The Canterbury Plains (Kā Pākihi-whakatekateka-a-Waitaha) are an area in New Zealand centred in the Mid Canterbury, to the south of the city of Christchurch in the Canterbury region. Their northern extremes are at the foot of the Hundalee Hills in the Hurunui District, and in the south they merge into the plains of North Otago beyond the Waitaki River. The smaller Amuri Plain forms a northern extension of the plains.

==Geology==
The Canterbury Plains were formed from Quaternary moraine gravels transported from the Southern Alps and deposited here during glacial periods in the late Pleistocene approximately 3 million to 10,000 years ago. The alluvial gravels were then reworked as shingle fans of several of the larger rivers, notably the Waimakariri, the Rakaia, the Selwyn, and the Rangitata. Part of the Canterbury-Otago tussock grasslands, the land is suitable for moderately intensive livestock farming but is prone to droughts, especially when the prevailing wind is from the northwest. At these times, the weather phenomenon known as the Nor'west arch can be seen across much of the plain.

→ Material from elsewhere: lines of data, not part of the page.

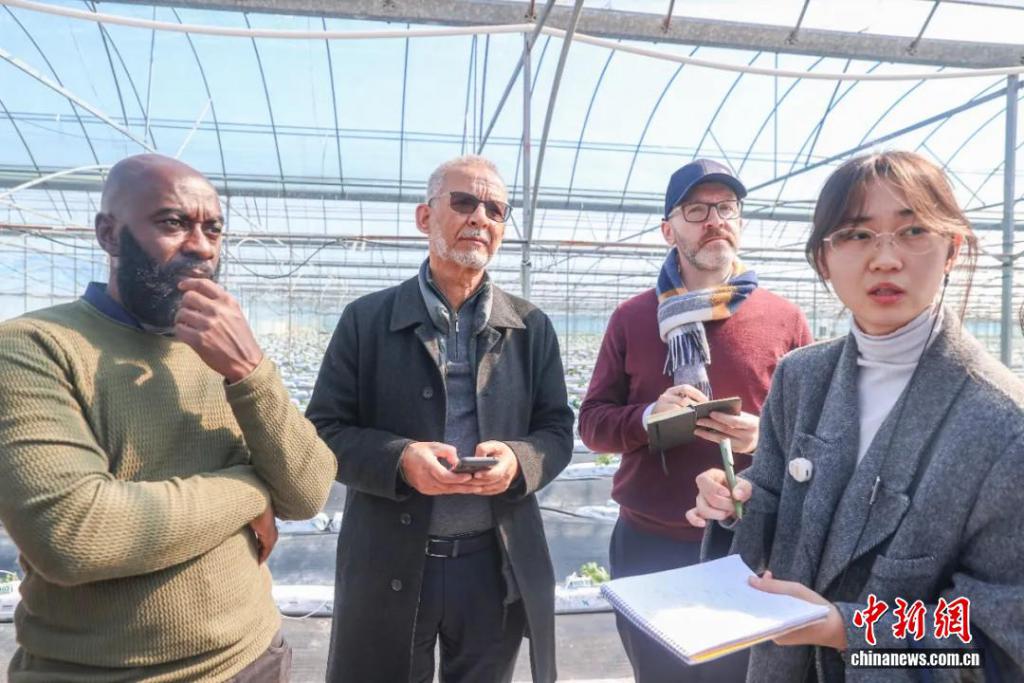 2025 年 11 月 21 日,穆罕默德 · 曼苏里 ( 左二 ) 跟随 " 人权行动看中国 · 2025" 江西行活动参访团来到赣州市于都县潭头村的蔬菜大棚基地,了解富硒蔬菜产业发展情况。刘力鑫 摄
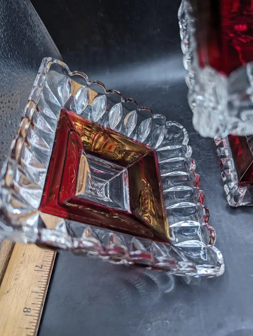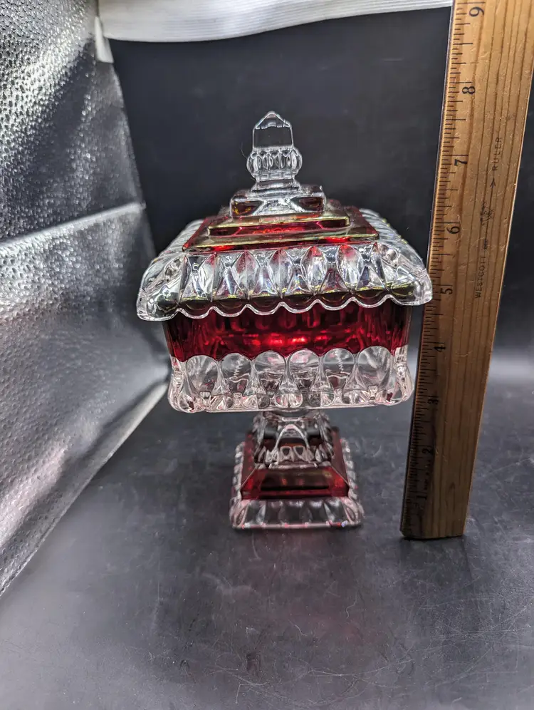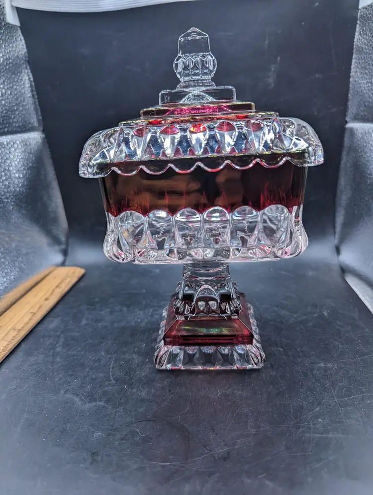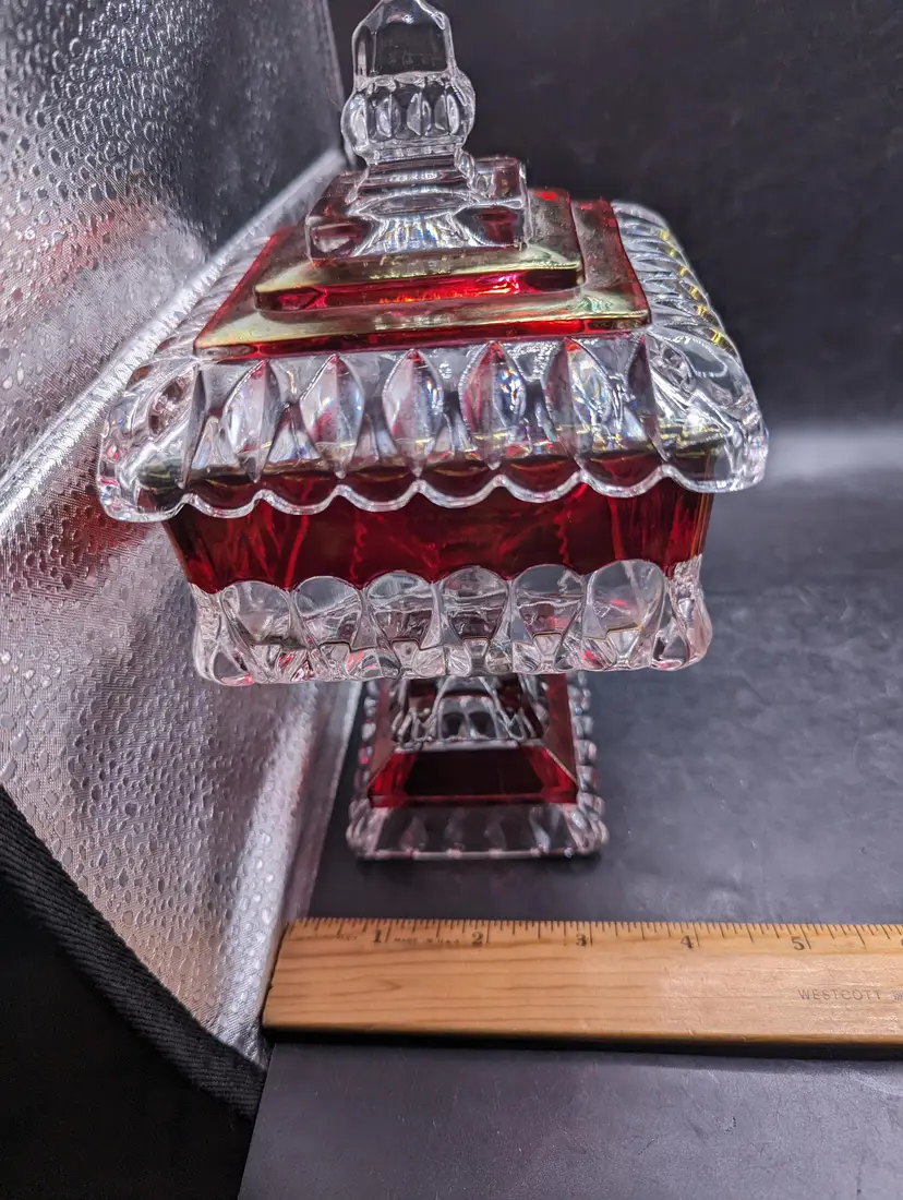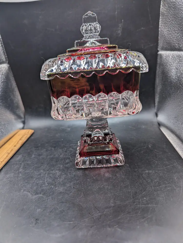 Add a touch of elegance to your home with this vintage ruby red glass candy dish. Perfect for storing sweets or as a decorative piece, it features intricate detailing and a charming lid. Please see all pictures for condition and measurements.
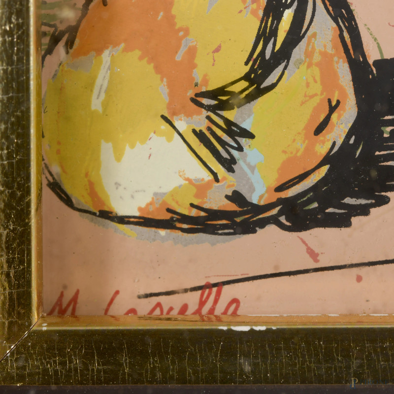 Michele Cascella, Omaggio a Portofino, multiplo retouchè su argento (P.A.), cm 20x26, entro cornice, (difetti)

A major earthquake on 4 September 2010 revealed a previously unknown geological fault beneath the Canterbury Plains and created a surface rift that offset features by as much as four metres in places.

==Rivers==
The rivers of the Canterbury Plains have a distinctive braided appearance, which differentiates this area from the plains of North Otago to the south – beyond the Waitaki, the rivers typically have narrower, well-formed channels, rather than spreading across wide shingle depressions, as in Canterbury.

Most of the population of Canterbury lives in a series of large and small towns arranged northeast to southwest along the plains, connected by State Highway 1 and the Main South railway line. These include Christchurch, Ashburton and Timaru, and the smaller Kaiapoi, Dunsandel, Rakaia, Temuka, and Glenavy. Other towns on the plains include Rangiora, Leeston, Lincoln, Darfield, Geraldine, Methven and Waimate.

==Fauna==
The extremely rare weevil Hadramphus tuberculatus is endemic to the plains.